AI agent skill anti-patterns to avoid
Common mistakes in agent skill design: the god tool, leaky abstractions, over-parameterization, and patterns that lead to unreliable agents.
On this page
Learning what to do is important. Learning what not to do can save you weeks of debugging. This article catalogs the most common mistakes in agent skill design: patterns that seem reasonable at first but lead to unreliable, unmaintainable, or confusing agent behavior.
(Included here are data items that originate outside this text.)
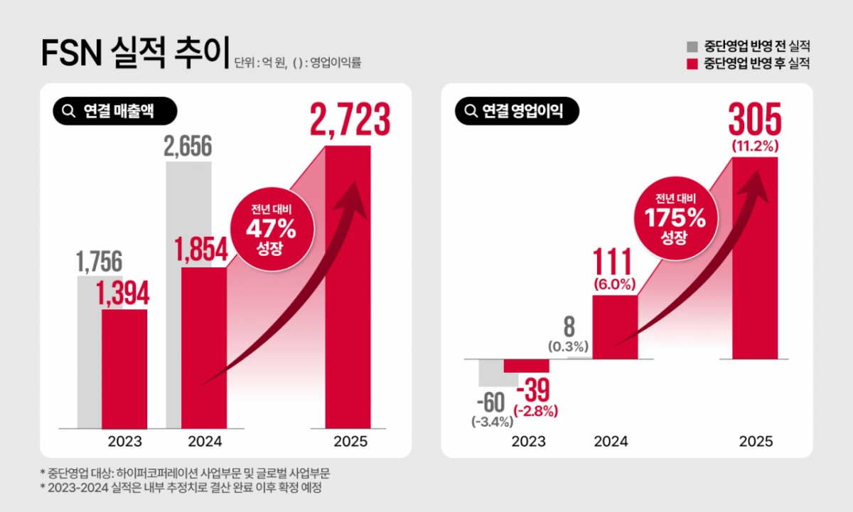 FSN은 지난해 연결 기준 연간 매출액 2723억원, 영업이익 305억원을 기록했다. 이는 중단영업 반영 기준 전년 대비 각각 47%, 175% 증가한 수치다.
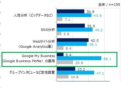 マーケティング調査や分析に関しては、「アンケートなどの定量調査」が67%と最も高く、以下、「Webサイト分析」が40%、「SNS分析」が36%と続きます。興味関心のある取り組みでは、「GoogleMyBusiness(Googleビジネスプロフィール)の運用」が56%と最も高く、以下、「グループインタビューなどの定性調査」が47%、「SNS分析」が45%と続きます。興味関心がない、または、中止した取り組みでは突出した項目は見当たりませんでした。
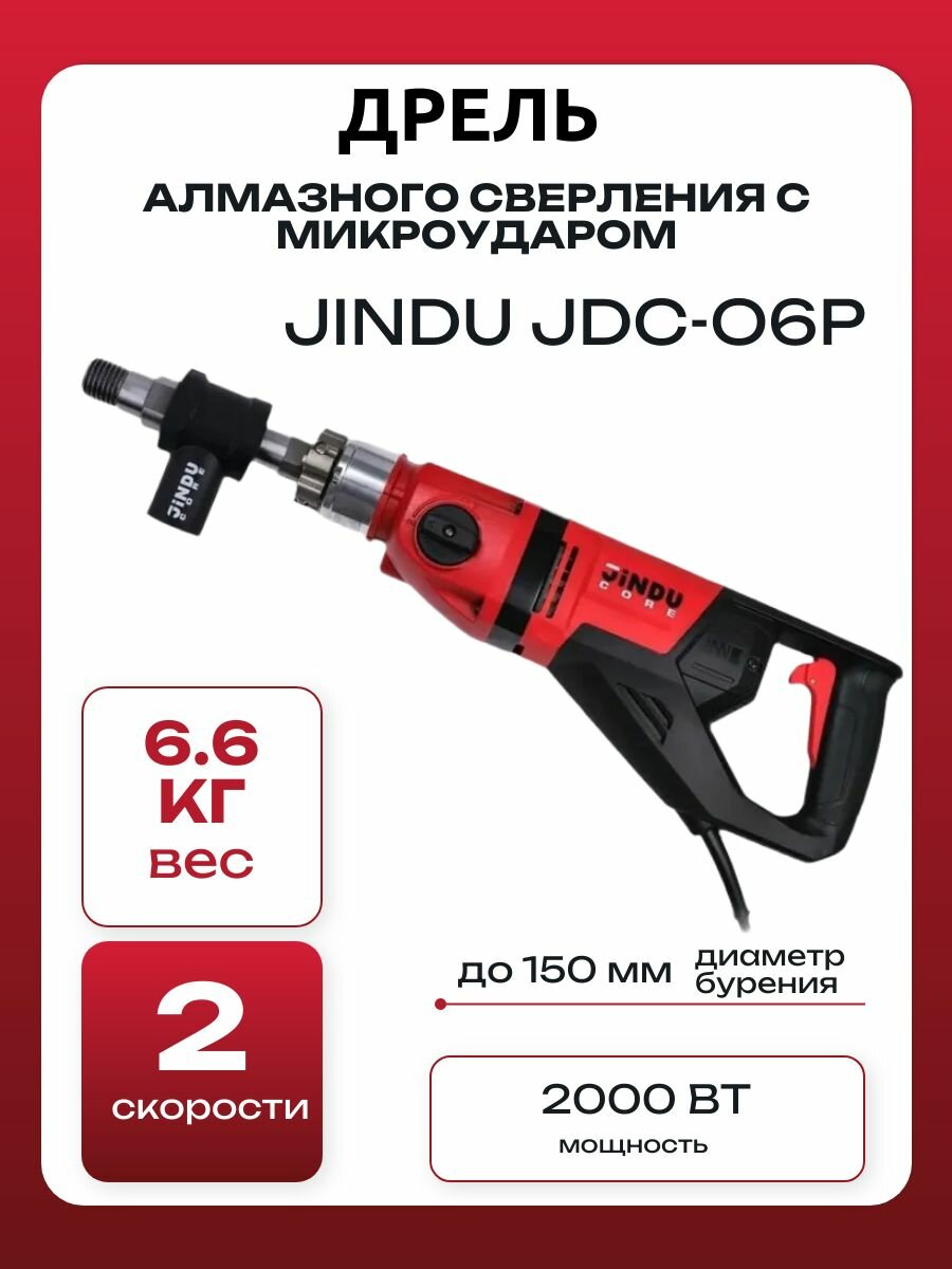 Алмазная дрель с микроударом Jindu JDC06P — это мощный электрический инструмент, созданный для бурения с акцентом на эффективность и скорость. Она разрабатывалась для профессионалов, предоставляя возможность выполнять сложные задачи с высоким уровнем удобства и безопасности.

Each anti-pattern includes a description of the problem, a concrete example, the consequences, and the fix.
The god tool
The problem: A single tool that tries to do everything. It accepts dozens of parameters, handles multiple unrelated use cases, and has a description so long that the agent can’t figure out when to use it.
What it looks like:
{
name: "manage_project",
description: "Create, read, update, delete, search, analyze, deploy, test, " +
"lint, format, document, and monitor projects and their files, " +
"dependencies, configurations, and environments.",
parameters: {
action: { type: "string", enum: ["create", "read", "update", "delete",
"search", "analyze", "deploy", "test", "lint", "format", "doc", "monitor"] },
target: { type: "string" },
path: { type: "string", optional: true },
config: { type: "object", optional: true },
options: { type: "object", optional: true },
filters: { type: "object", optional: true },
output_format: { type: "string", optional: true },
recursive: { type: "boolean", optional: true },
dry_run: { type: "boolean", optional: true },
verbose: { type: "boolean", optional: true },
// ... 15 more parameters
}
}
Why it fails:
- The agent can’t reliably pick the right
actionvalue for a given task - The parameters are a grab bag where most are irrelevant for any given invocation
- Error messages are generic because the tool doesn’t know which specific operation failed
- Testing requires covering a combinatorial explosion of action-parameter pairs
- A bug in the “deploy” path can break the “search” path because they share code
The fix: Split it into focused tools, each with a clear purpose and minimal parameters. Skill Composition shows how to combine focused tools into complex capabilities without losing the power of the monolithic approach.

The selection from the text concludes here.